I worked for a trading company and was using English everyday before I retired. I wanted to do something in which I could make use of my English skills, and that's why I started volunteering as a guide at the museum. I have guided visitors from Europe and the United States, as well as from some Asian countries such as the Philippines, Indonesia, and Singapore. The tour usually takes about an hour and a half, and I spend about an hour in the Edo zone and a half hour in the Tokyo zone. With some avid guests, the tour could take as long as two hours. I normally lead two tours and sometimes three tours a day.
Everyone listens to me very seriously. Many guests are the first-time tourists to Japan and seem to have difficulty in understanding the relationship between Shogun and Emperor. One of the frequent questions I am asked is why the Tokugawa Shogunate returned the regime to the Emperor. They are also interested in the sakoku (seclusion) policy during the Edo period and why only Holland and China were allowed for trading. Foreign guests who reside in Japan are interested in the Tokyo zone as well.
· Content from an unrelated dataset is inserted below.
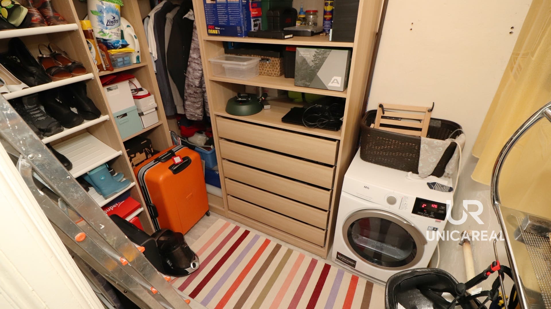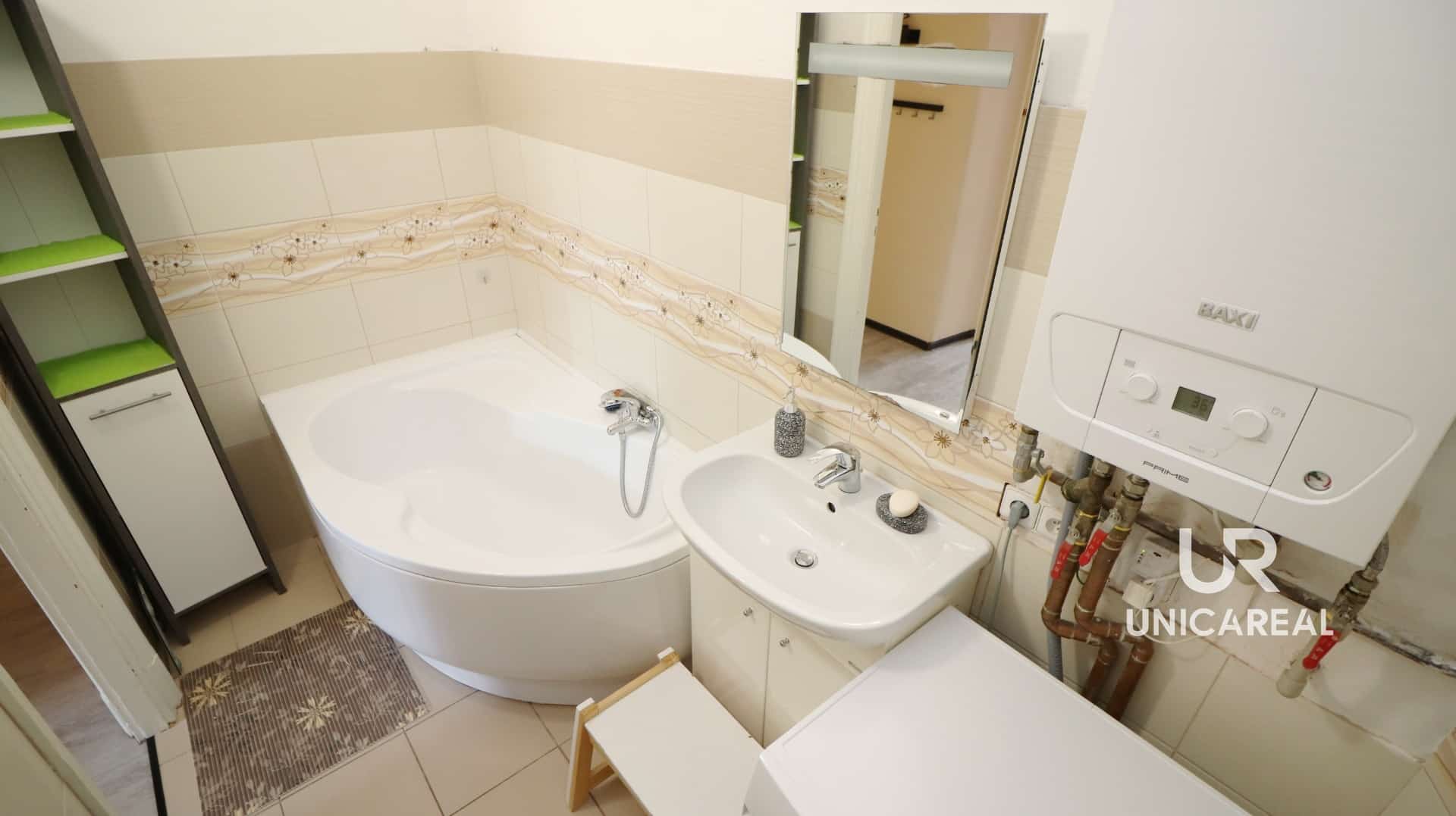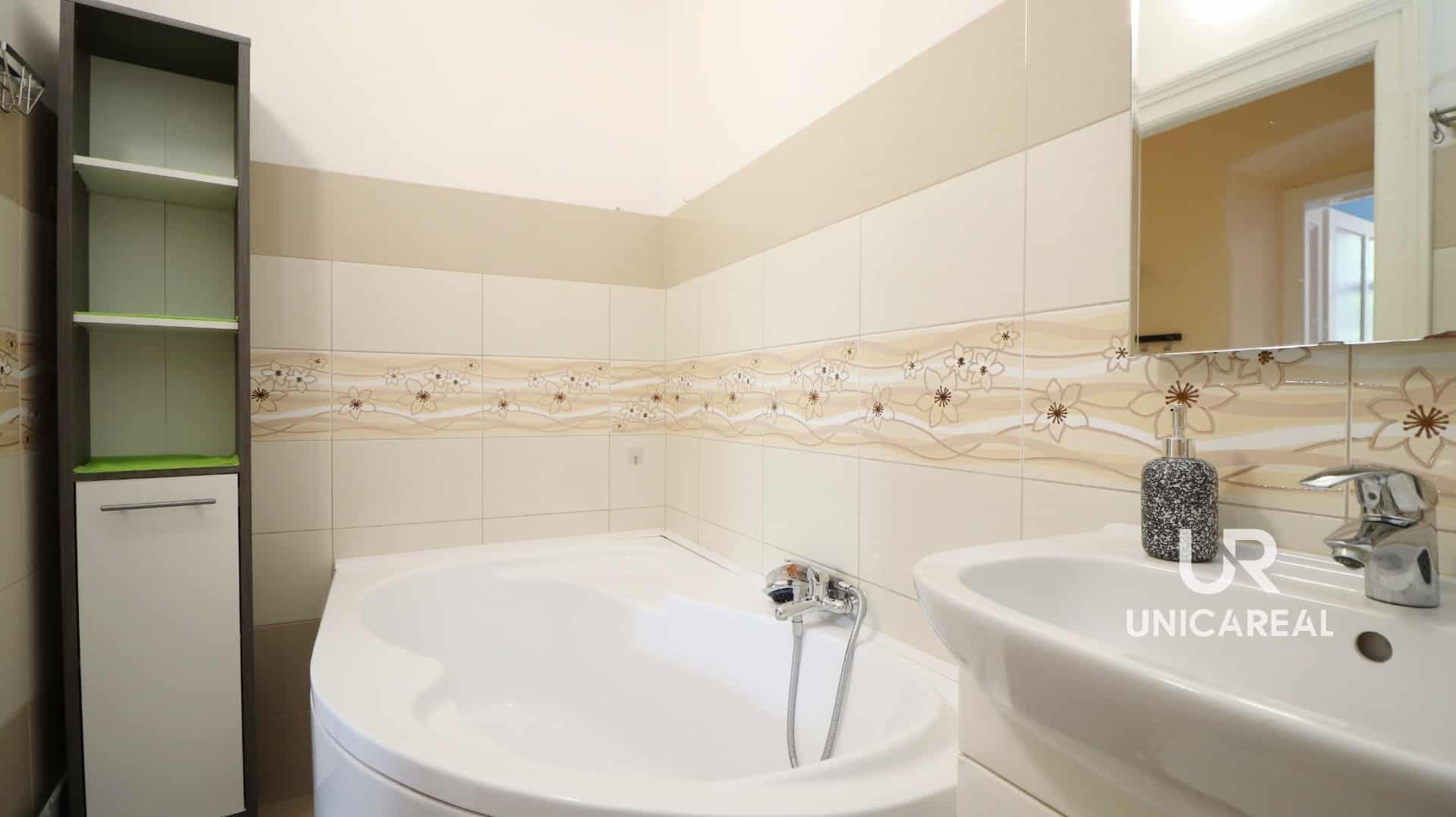 Koupelna 4,8 m2 s rohovou vanou, úložnými policemi, samostatná toaleta 1,4 m2. V koupelně je umístěn rok starý kotel zn. Baxi, který zajištuje ohřev vody a teplo v celém bytě. Neopomenutelným bonusem je pro majitele bytu komora a prostorný sklep.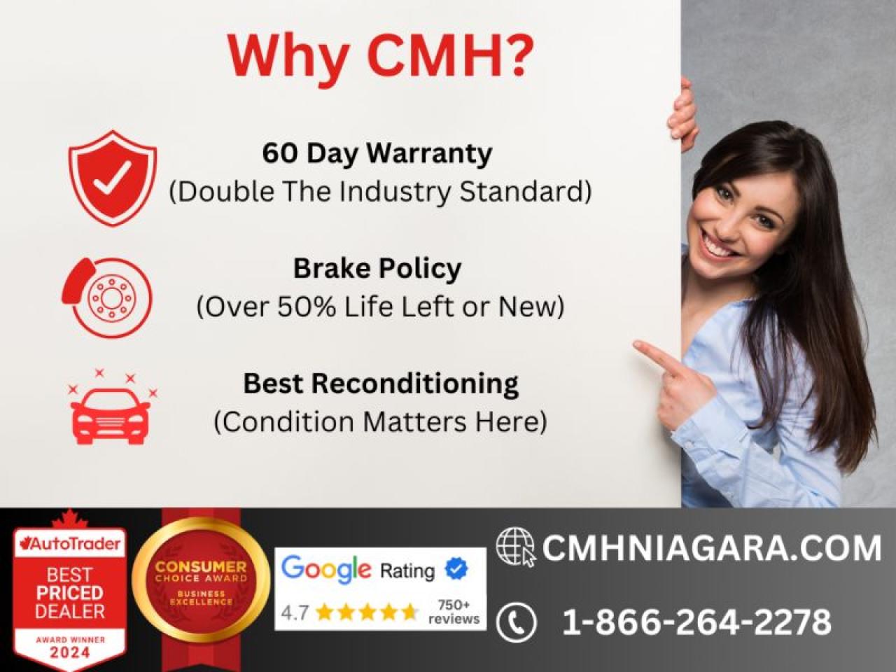 Trade-ins are welcome! Financing available OAC ! Price INCLUDES a valid safety certificate! Price INCLUDES a 60-day limited warranty on all vehicles except classic or vintage cars. CMH is a Full Disclosure dealer with no hidden fees. We are a family-owned and operated business for over 30 years! o~o

They know that Japan is prone to earthquakes and listen to the story of the Great Kanto Earthquake with a sense of reality. They are also impressed to learn how quickly Japan recovered after the war.
There is no manual for the museum guides, so each guide including myself self-studies about the exhibits every time they change. I always attend to "Edohaku Culture" workshops, which are held three to four times monthly. The workshops are very helpful to improve my knowledge as a guide, and I always enjoy listening to the lectures by the museum curators. For me, this has been the greatest opportunity of lifelong learning. I can please foreign guests while continuing to learn about Edo I love to know more. There were not many cities in the early 18th century where a million people lived and 70 percent of them were able to read and write. It makes me proud when I am able to explain the distinguished history of Edo to our visitors. I am looking forward to meeting more guests from overseas and help them understand all the attractions of the city of Edo and Tokyo by offering an easy, friendly tour.